One objective in, a verified result out - the smallest correct change, checked against the real tests. No extra install: clone the repo, symlink it into your skills directory, then /supergoal <objective>. Landing page: cskwork.github.io/supergoal-skill.

An agent skill for heavy coding objectives where a normal "just edit it" pass is too easy to fool. It takes one objective, chooses the right workflow route, surfaces requirements that were not in the prompt, makes the smallest correct change, verifies against the project's own tests and spec, then stops.

What /supergoal does

/supergoal is a routing and verification wrapper around an agent. The useful mental model:

  1. Route the objective. Classify the request as build, debug, legacy change, spec, QA, review, architecture, teaching, domain onboarding, harness eval, or skill mining.
  2. Load only the needed playbook. The root SKILL.md stays small; each route loads its own reference/ and agents/ files only when needed.
  3. Separate roles. Heavy work uses fresh-context subagents for build, critic, fixer, and verifier so one context does not both invent and grade the answer.
  4. Prove against the real project. Hidden requirements become failing tests or evidence, then the run verifies with the repo's real tests, browser checks, DB evidence when load-bearing, and prose spec.
  5. Stop at the verified result. No open-ended refactor, no proxy checklist, no fake green.
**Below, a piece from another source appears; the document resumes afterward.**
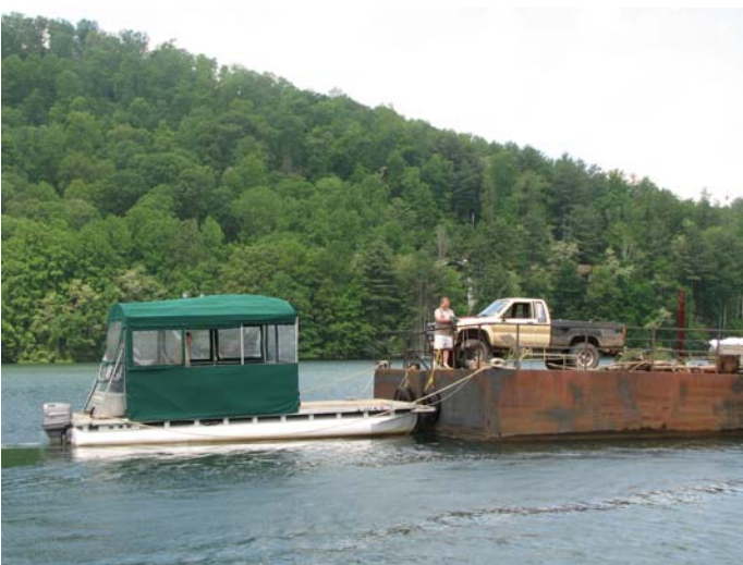
The Buck Knob Island barge and its hard working crew during the recent lake clean up

Pray for fine weather and see you on the water!

What it adds over a plain baseline

A strong model with the real spec is the bar. /supergoal adds only what a plain baseline cannot do for free: it surfaces the requirements that are not in the prompt - as FAILING tests written by an independent critic - then makes the smallest correct change and verifies it against the project's real tests and spec, never a generated proxy. For a trivial single edit, skip the skill and edit directly.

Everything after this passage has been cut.